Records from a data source
******************************

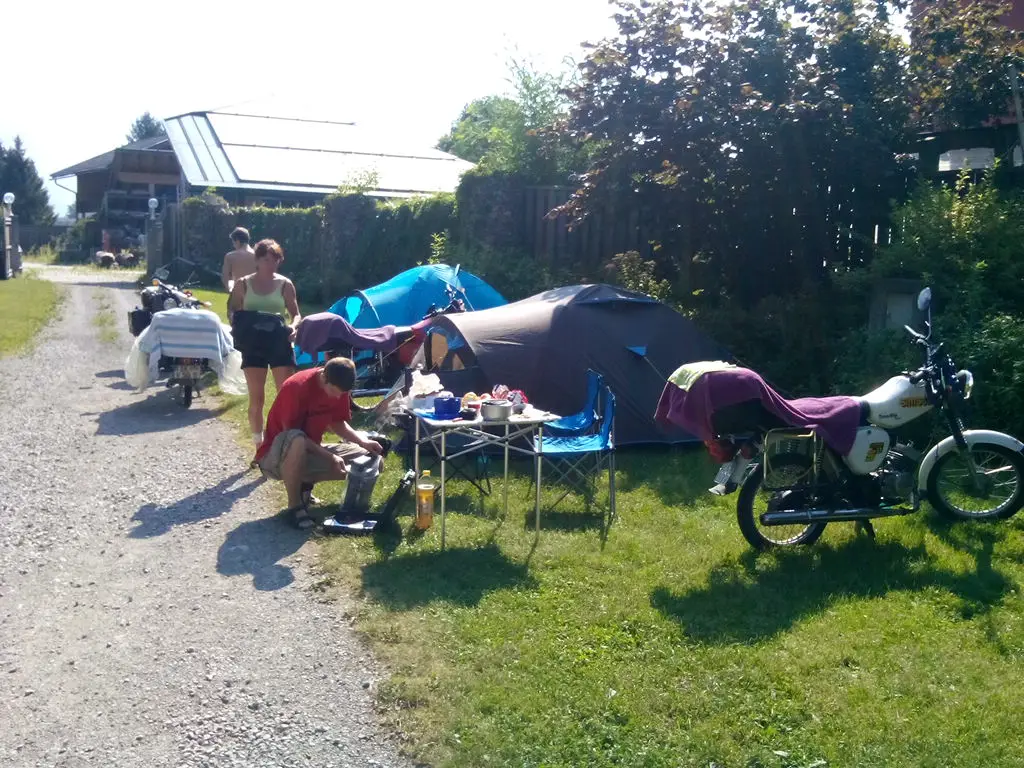 Unser Tagesziel, Lienz in Österreich, ist nur noch 50 km entfernt und so stehen wir eine Stunde später auf dem Zeltplatz. Zur Feier des Tages gönnen wir uns ein richtiges leckeres Essen in der Gaststätte - endlich wieder RICHTIGES Essen, meint Basti. Jeden Tag nur Schnell- und Notverpflegung geht einem mit der Zeit doch ganz schön aufn Keks. Die am Nebentisch sitzenden Einheimischen sorgen mit Akkordeon und Gesang für eine landestypische musikalische Unterhaltung. Auch wenn die Musik nich grad unsern Geschmack trifft, so kann mans aushalten.
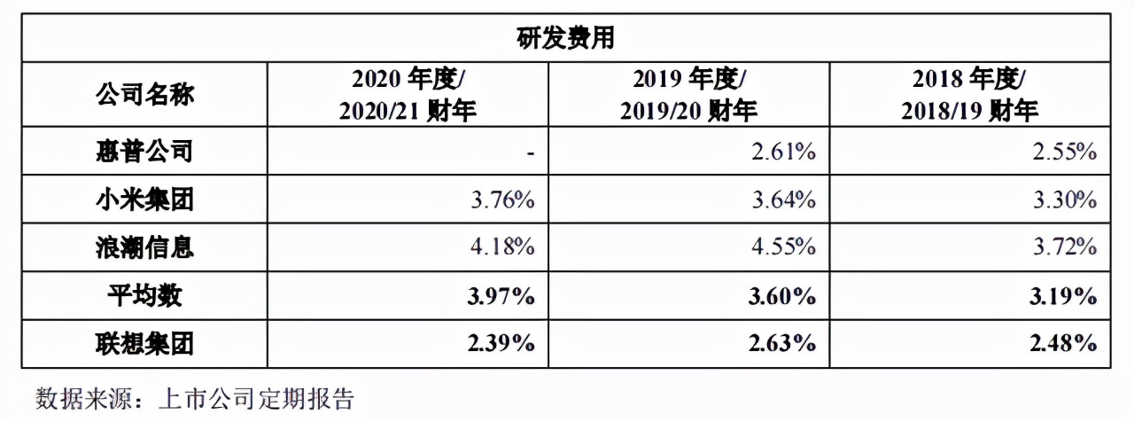 2018年至2020年,联想研发投入占各期收入的比例分别为 2.98%、3.27%和 2.92%;小米集团和浪潮信息同期的研发费用占收入的比例均高于联想。
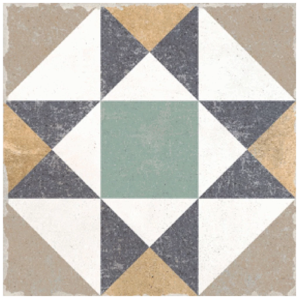 Gabana Kenitra to gres o wymiarach 20x20 cm, który od razu rzuca się w oczy oryginalnym, geometrycznym ornamentem. Jego wzór to starannie dobrane elementy w stonowanych kolorach - beżu, bieli, szarości oraz zieleni na środku. Całość ma matową powierzchnię o nieco ziarnistej fakturze, nadającą mu autentyczny charakter retro. Ten wzór przywodzi na myśl klasyczne, ale jednocześnie uniwersalne motywy, które mogą pasować do różnorodnych aranżacji.
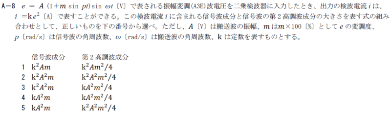 ・\(e=A(1+m\sin{pt})\sin{ωt}\)[V]で表される振幅変調(A3E)波電圧を二乗検波器に入力したとき、出力の検波電流iは、\(i=ke^2\)[A]で表すことができる。この検波電流iに含まれる信号波の第2高調波成分の大きさを表す式
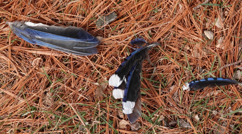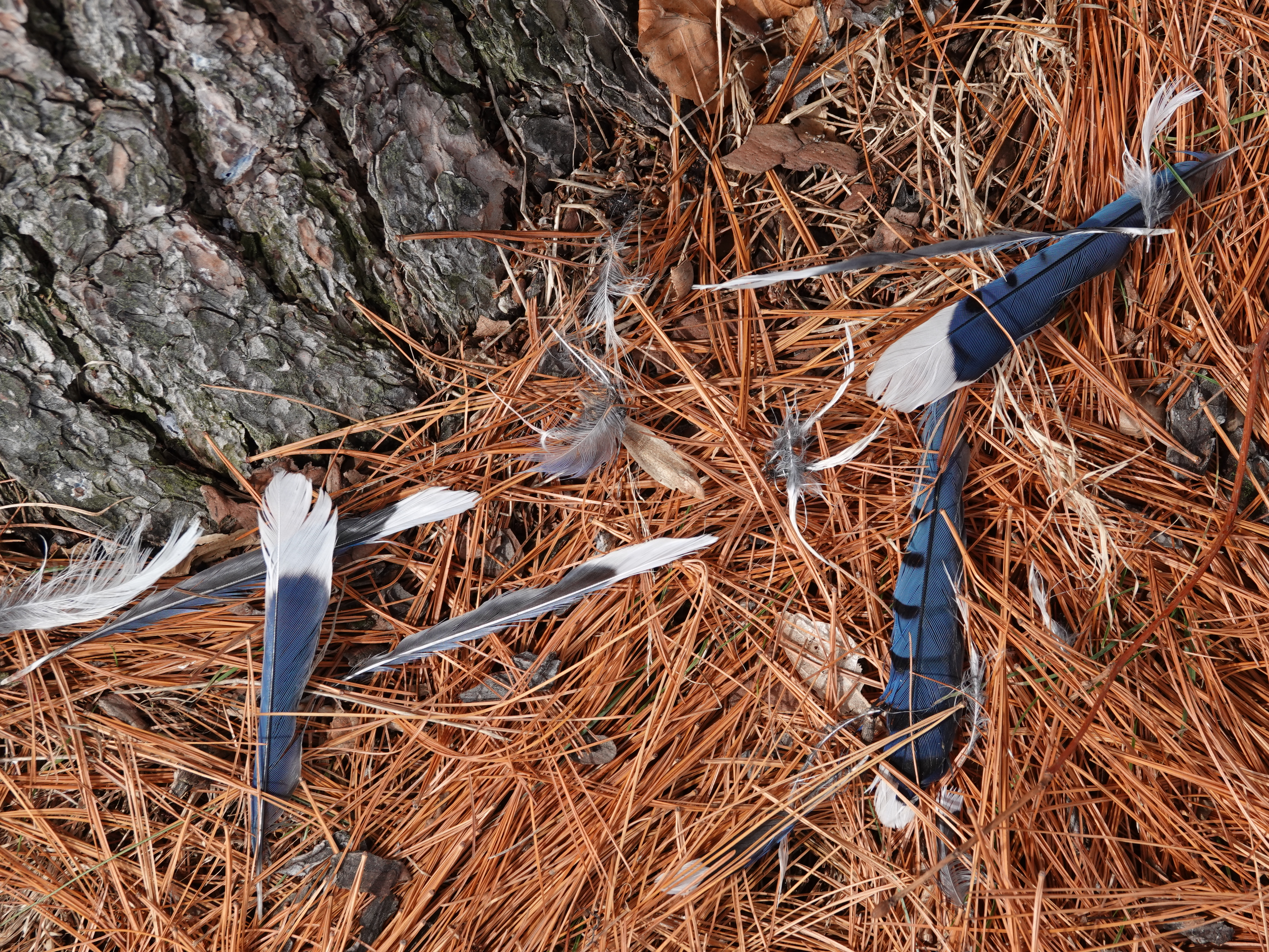 They aren’t just doing it for kicks. They know who eats them. These feathers were the remains of one under a pine.
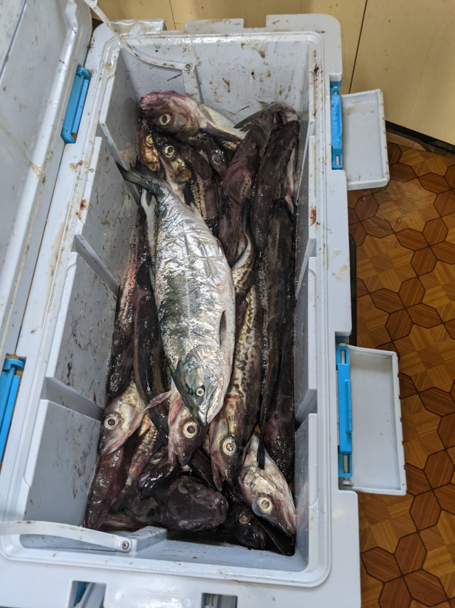 先月、虎杖浜で取れたマスとスケソウダラ。

******************************

> [Task details] The copy you write out must match the entries word for word, minus their pictures.

> [Exercise result]
 Unser Tagesziel, Lienz in Österreich, ist nur noch 50 km entfernt und so stehen wir eine Stunde später auf dem Zeltplatz. Zur Feier des Tages gönnen wir uns ein richtiges leckeres Essen in der Gaststätte - endlich wieder RICHTIGES Essen, meint Basti. Jeden Tag nur Schnell- und Notverpflegung geht einem mit der Zeit doch ganz schön aufn Keks. Die am Nebentisch sitzenden Einheimischen sorgen mit Akkordeon und Gesang für eine landestypische musikalische Unterhaltung. Auch wenn die Musik nich grad unsern Geschmack trifft, so kann mans aushalten.
 2018年至2020年,联想研发投入占各期收入的比例分别为 2.98%、3.27%和 2.92%;小米集团和浪潮信息同期的研发费用占收入的比例均高于联想。
 Gabana Kenitra to gres o wymiarach 20x20 cm, który od razu rzuca się w oczy oryginalnym, geometrycznym ornamentem. Jego wzór to starannie dobrane elementy w stonowanych kolorach - beżu, bieli, szarości oraz zieleni na środku. Całość ma matową powierzchnię o nieco ziarnistej fakturze, nadającą mu autentyczny charakter retro. Ten wzór przywodzi na myśl klasyczne, ale jednocześnie uniwersalne motywy, które mogą pasować do różnorodnych aranżacji.
 ・\(e=A(1+m\sin{pt})\sin{ωt}\)[V]で表される振幅変調(A3E)波電圧を二乗検波器に入力したとき、出力の検波電流iは、\(i=ke^2\)[A]で表すことができる。この検波電流iに含まれる信号波の第2高調波成分の大きさを表す式
 They aren’t just doing it for kicks. They know who eats them. These feathers were the remains of one under a pine.
 先月、虎杖浜で取れたマスとスケソウダラ。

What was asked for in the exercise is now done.